Stored items
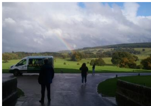
1 Looking out from Chirk Castle on our Chester Weekend, 2019

There was no formal outcome or actions from this last part of the AGM, but the committee is to take things forward and would also seek to co-opt members to help with events, a newsletter etc.
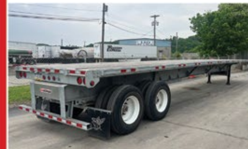
2017-2022 Manac Extendable Flatbeds (Galvanized & Painted), 48'102"-80' & 53'x102"-90' (Tandems and Tri Axles).
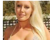
15 Celebs Who Are Not Aging Very Nicely Madame Noire
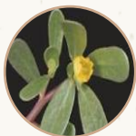
Common purslane (ohangcho)

Power of natural yeast Haenaroo fermented liquid that purifies the body and raise immunity!!!
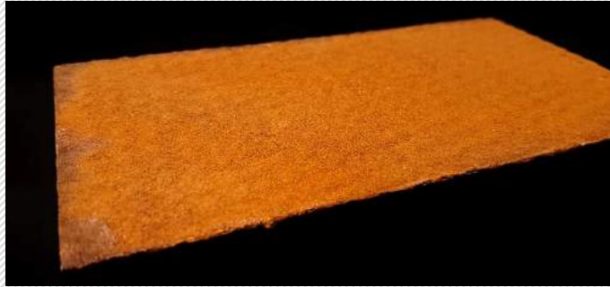
Weathered iron on MDF

Changing surfaces to real Weathered Iron
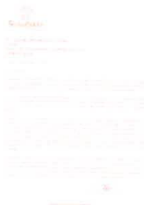
DENR Secretary letter.jpeg 194K
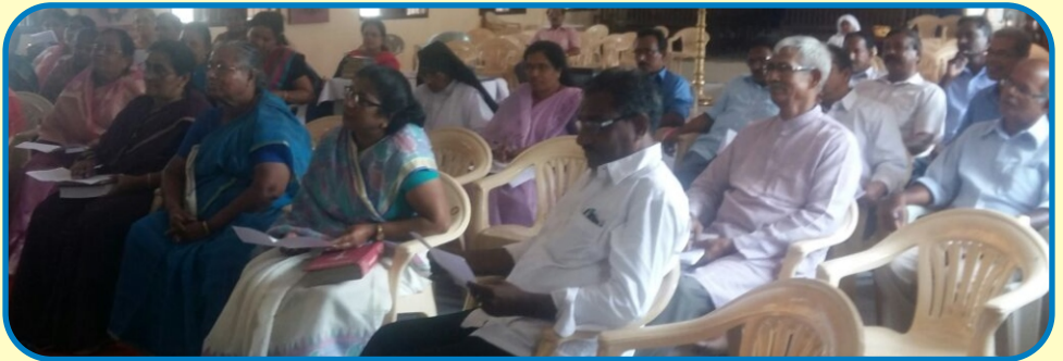
Suvisesha Sangham Formation, Chennai
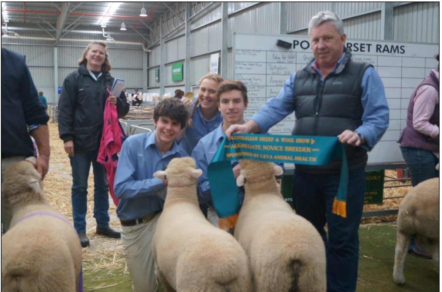
Above: Aggregate Novice Breeder.
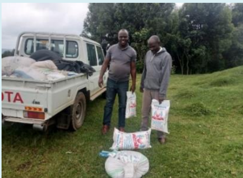
Precious during food distribution for the Batwa Partner schools at the beginning of each month
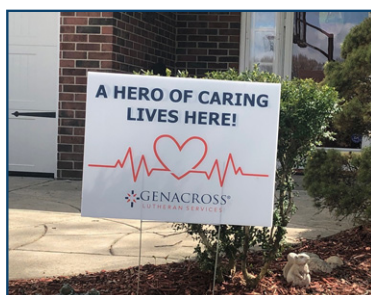
These employee yard signs show neighbors that a caring Genacross hero lives in their midst.
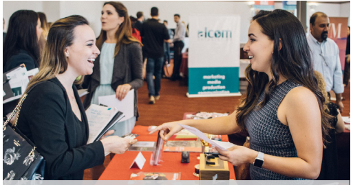
The Fall 2018 CCI Career and Internship Fair connected students with over 30 companies.
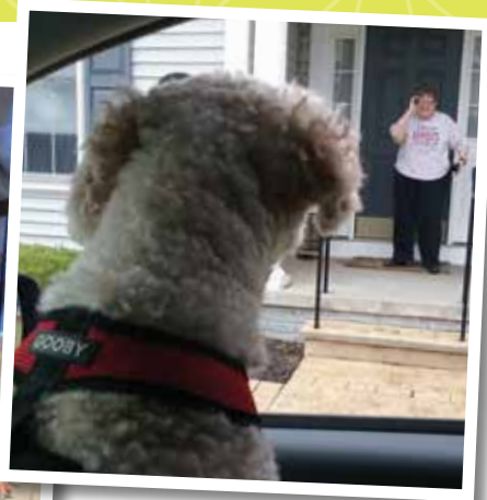
Steelers still brought comfort and joy through drive-by visits and tail wags through the window.
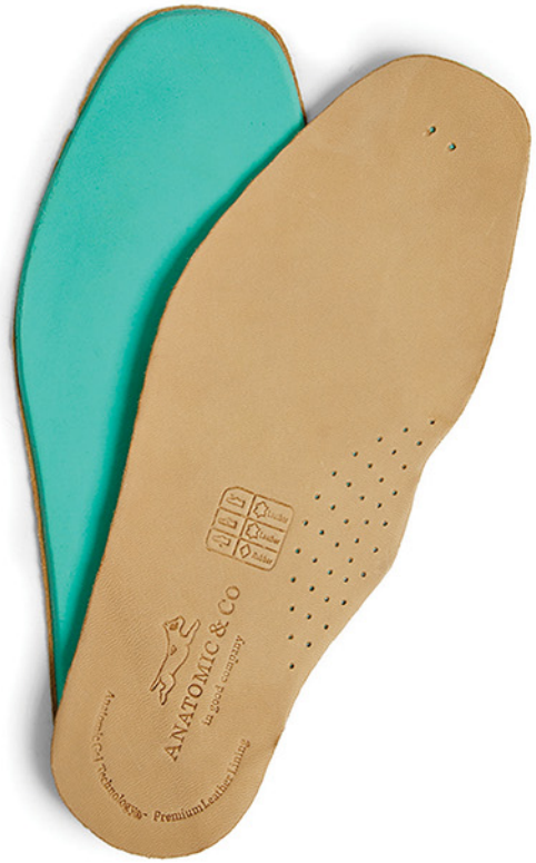
New York Insole
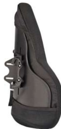
Posterior Deep Contour: Low lateral trunk support
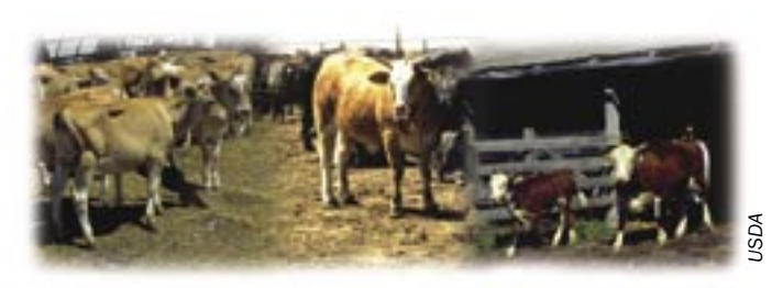
Table 1. Cattle (other than mature dairy cows): size category thresholds

* _ABOUT THIS TASK_
Leave out the images and copy all remaining data word for word.

* _SOLUTION TO THIS PROBLEM_
1 Looking out from Chirk Castle on our Chester Weekend, 2019

There was no formal outcome or actions from this last part of the AGM, but the committee is to take things forward and would also seek to co-opt members to help with events, a newsletter etc.
2017-2022 Manac Extendable Flatbeds (Galvanized & Painted), 48'102"-80' & 53'x102"-90' (Tandems and Tri Axles).
15 Celebs Who Are Not Aging Very Nicely Madame Noire
Common purslane (ohangcho)

Power of natural yeast Haenaroo fermented liquid that purifies the body and raise immunity!!!
Weathered iron on MDF

Changing surfaces to real Weathered Iron
DENR Secretary letter.jpeg 194K
Suvisesha Sangham Formation, Chennai
Above: Aggregate Novice Breeder.
Precious during food distribution for the Batwa Partner schools at the beginning of each month
These employee yard signs show neighbors that a caring Genacross hero lives in their midst.
The Fall 2018 CCI Career and Internship Fair connected students with over 30 companies.
Steelers still brought comfort and joy through drive-by visits and tail wags through the window.
New York Insole
Posterior Deep Contour: Low lateral trunk support
Table 1. Cattle (other than mature dairy cows): size category thresholds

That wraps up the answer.